(Problem statement): Below this line are records; transcribe exactly the lines between the one holding "This cheerful and" and the one holding "ライトグレー + ナチュラルなビーチ材の脚【アップグレード版 睡眠可・リラックス可】", inclusive, and omit the pictures.

(Stored items from a collection)
—————
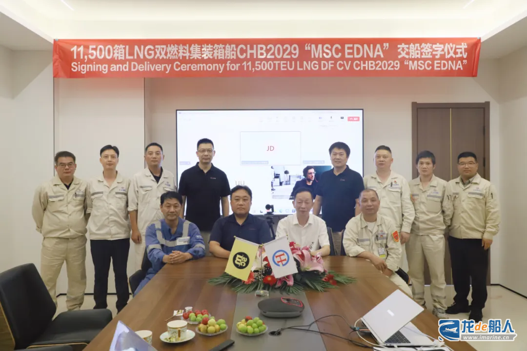 值得注意的是,8月11日下午,舟山长宏国际和MSC通过视频方式顺利完成“MSC EDNA”(CHB2029)船的交船文件签署,成功交付船东。
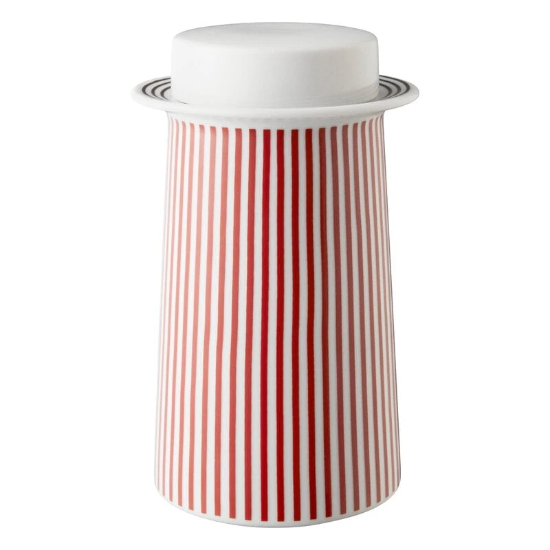 1616 / arita japanin PC-kokoelman teepurnukkaa koristaa soma punainen viivakuvio sekä kaksi mustaa rengasta purkin suuaukon ympärillä. Suunnittelijansa Pierre Charpinin mukaan nimetty PC-astiakokoelma perustuukin juuri muodon ja koristeen väliseen suhteeseen: usein koriste suunnitellaan valmista astiaa varten, mutta PC-kokoelman tapauksessa astiat ja koristeet on suunniteltu samanaikaisesti. Lopputuloksena on pelkistetty astiakokoelma, jonka ilme on samaan aikaan raikkaan moderni ja lempeän nostalginen. Kokoelma tunnetaan myös nimellä Outline.
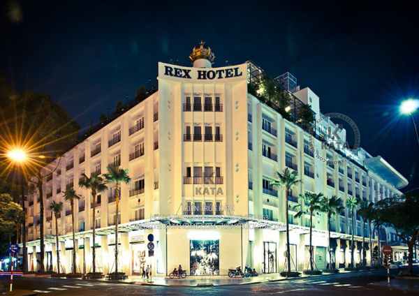 Phần cửa được đặt chính giữa mặt tiền với thiết kế cầu kì, tỉ mỉ đến từng họa tiết, hoa văn. Phần trước của khách sạn được bố trí đèn quảng cáo, bảng hiệu, tên khách sạn và có mái che lớn để giúp cho khung cảnh trở nên lung linh và huyền ảo hơn mỗi khi đêm về.
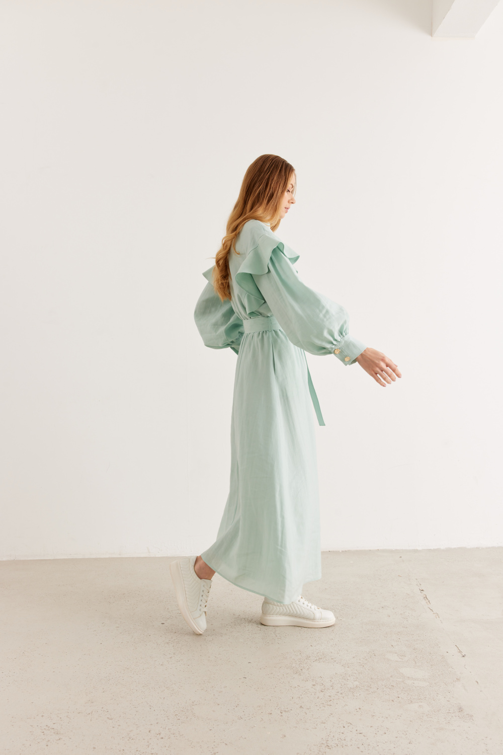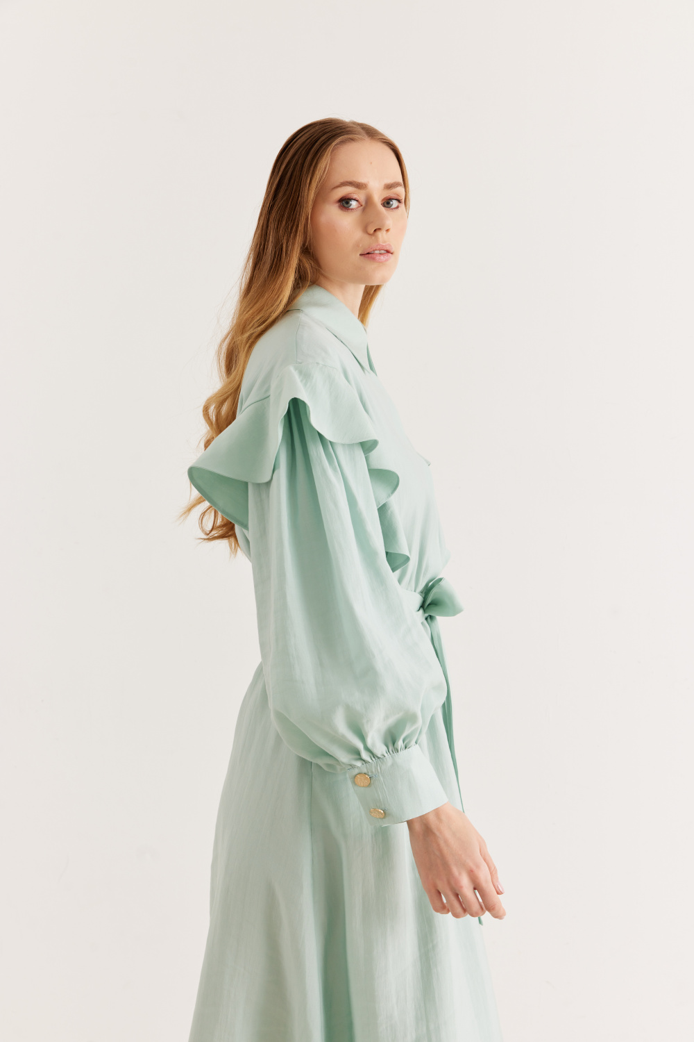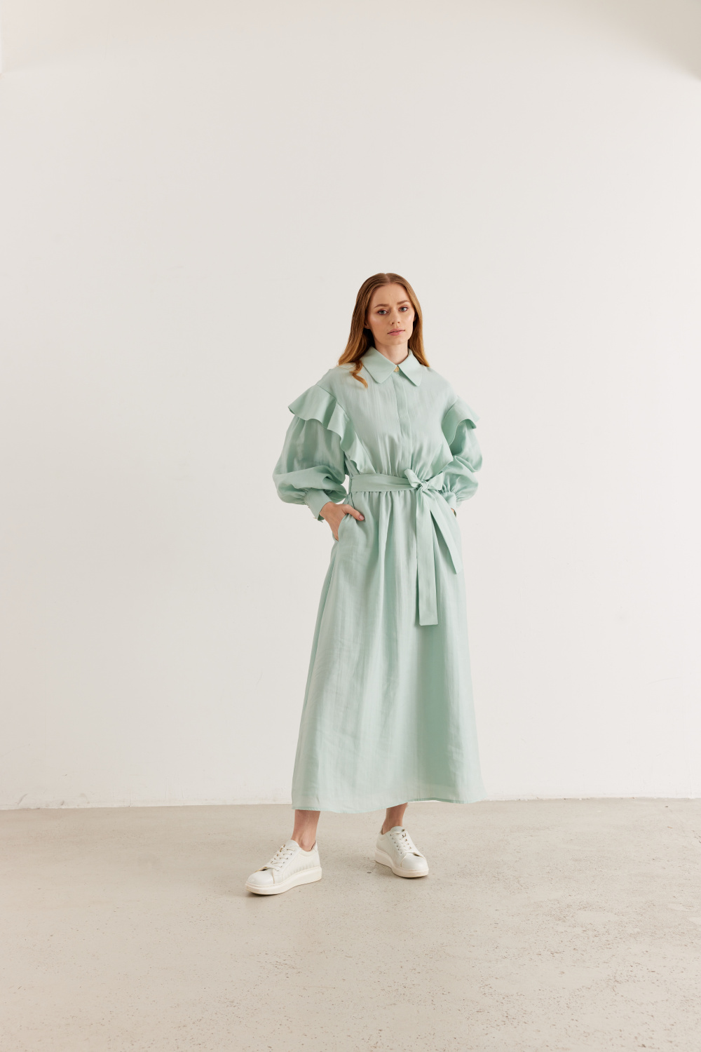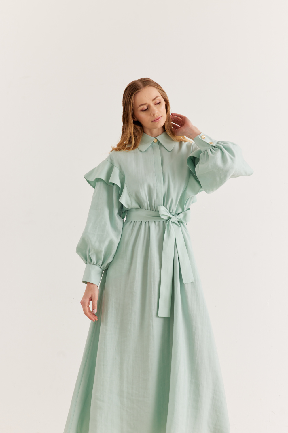 Ürün Detayları: Fırfırlı balon kol, metal düğmeli, bel lastikli bağlama kemerli, astarlı elbise.
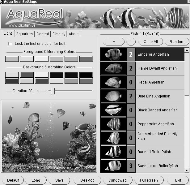 В правой части окна осуществляется выбор рыбок, которые будут «плавать в аквариуме», а также определяется количество каждого вида рыбки. Общее количество всех рыбок в аквариуме не может превышать 15 штук. Чтобы добавить рыбку в аквариум, следует выделить ее курсором – при этом количество рыбок данного вида автоматически увеличится на единицу. Для добавления и удаления рыбок можно также использовать кнопки с плюсом и минусом, расположенные над перечнем рыбок. С помощью кнопки Clear All осуществляется быстрое удаление из аквариума всех находящихся в нем в данный момент рыбок. Кнопка Random предназначена для случайного включения тех либо иных рыбок в аквариум (в любом случае общее количество рыбок в аквариуме будет не более 15).
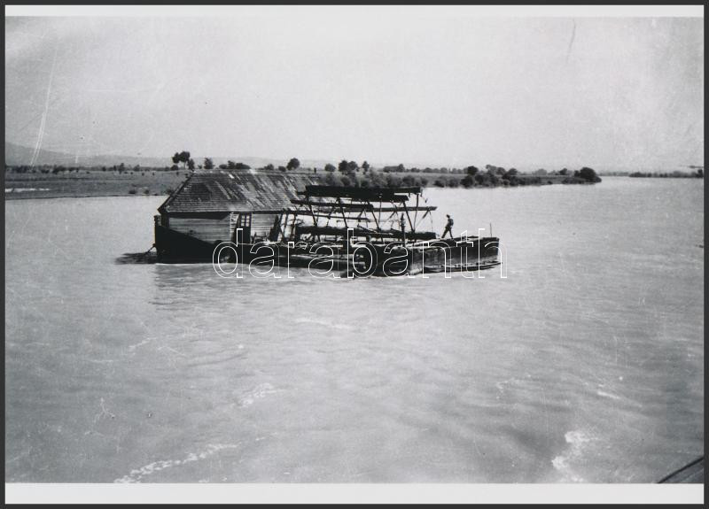 Leírás: cca 1930 Úszó vízimalom a Dunán, Kerny István (1879-1963) hagyatékában őrzött üveglemez negatívról készült modern nagyítás, 13x18 cm
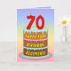 This cheerful and fun birthday greeting card design features a cartoon-style depiction of a three-tier birthday cake having numeral-shaped candles on top showing the number “70“, along with the message “HAPPY 70TH BIRTHDAY,”, and a personalised recipient name. The background of the front features a multicolored pastel rainbow spectrum inspired gradient pattern. The inside features a custom birthday greeting message, or could perhaps be cleared and left blank if a message is to be written by hand instead. A joyful, customised birthday greeting card like this might be a fun way to send birthday greetings to somebody who is celebrating their seventieth birthday. [~Z0000625]
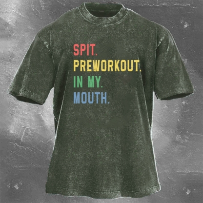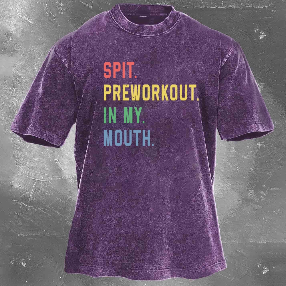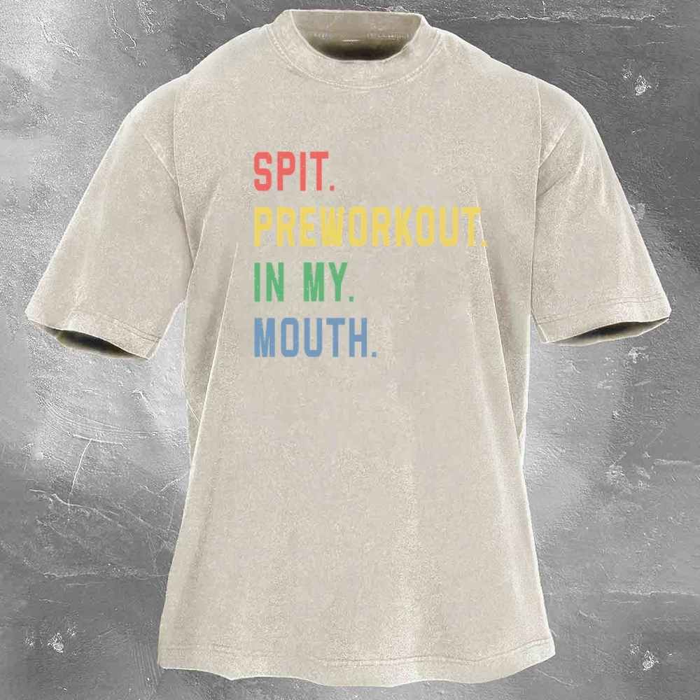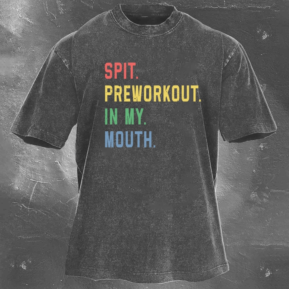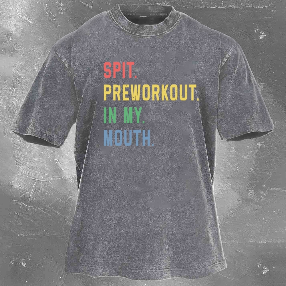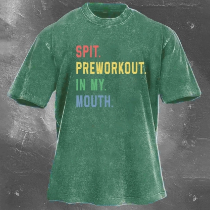 Fitness Print Pattern Washed Retro Casual T-Shirt 02
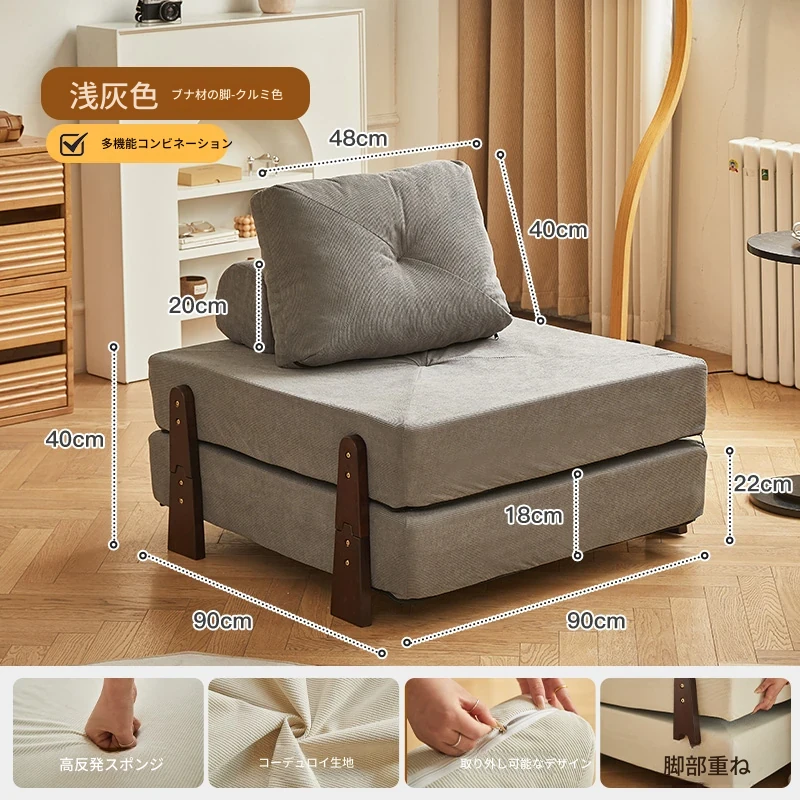 ライトグレー + ナチュラルなビーチ材の脚【アップグレード版 睡眠可・リラックス可】
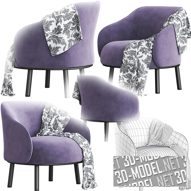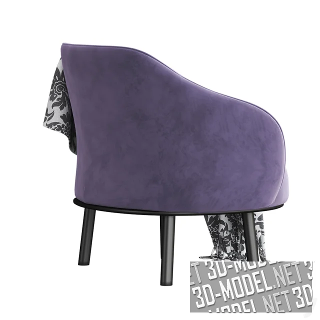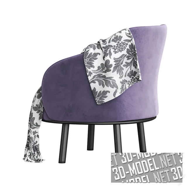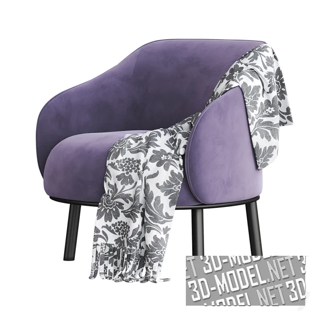 Небольшое кресло Botanic производства Natuzzi. База на четырех невысоких ножках черного цвета. Мягкое сиденье и огибающая спинка, переходящая в закругленные подлокотники, обиты велюром лавандового цвета. Белый плед с черным дамасским орнаментом, небрежно брошенный на кресло, отлично гармонирует с обивкой и черными ножками. Габарит кресла: 82х81,2х79,8см.
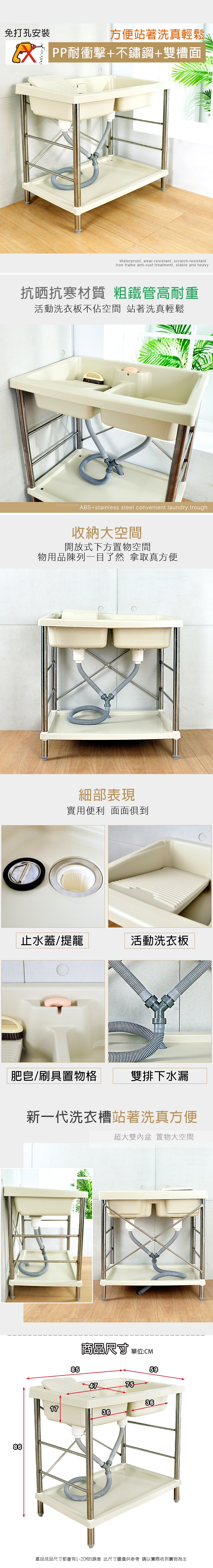 正台灣製高級品質防水防霉塑鋼材質 塑鋼材質穩固耐用洗衣槽,可自行組裝不須找裝潢師傅 輕鬆擁有洗衣槽,可方便站著洗真輕鬆 腰不痠背不痛
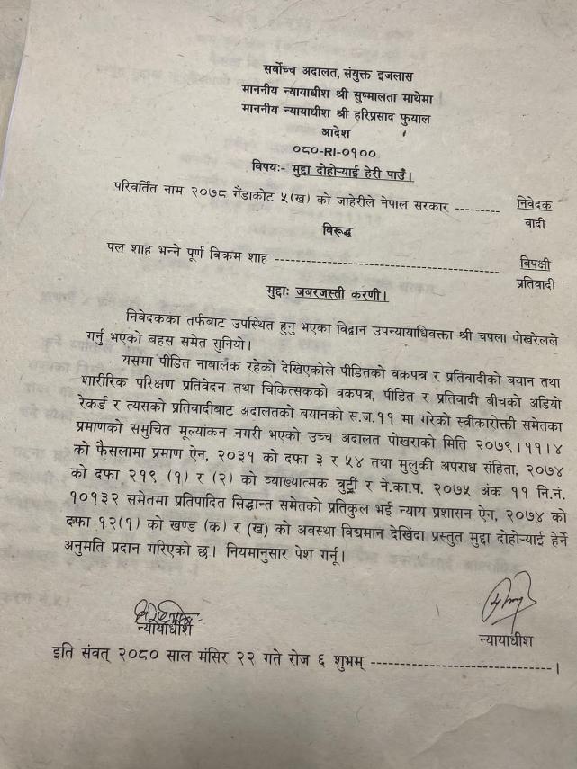 काठमाडौं— नाबालिग बलात्कारको अभियोग लागेका अभिनेता पूर्णविक्रम शाह (पल शाह) लाई सफाइ दिने उच्च अदालत पोखराको फैसला सर्वोच्च अदालतले दोहोर्याएर हेर्ने भएको छ ।
—————
(Written solution):
 This cheerful and fun birthday greeting card design features a cartoon-style depiction of a three-tier birthday cake having numeral-shaped candles on top showing the number “70“, along with the message “HAPPY 70TH BIRTHDAY,”, and a personalised recipient name. The background of the front features a multicolored pastel rainbow spectrum inspired gradient pattern. The inside features a custom birthday greeting message, or could perhaps be cleared and left blank if a message is to be written by hand instead. A joyful, customised birthday greeting card like this might be a fun way to send birthday greetings to somebody who is celebrating their seventieth birthday. [~Z0000625]
 Fitness Print Pattern Washed Retro Casual T-Shirt 02
 ライトグレー + ナチュラルなビーチ材の脚【アップグレード版 睡眠可・リラックス可】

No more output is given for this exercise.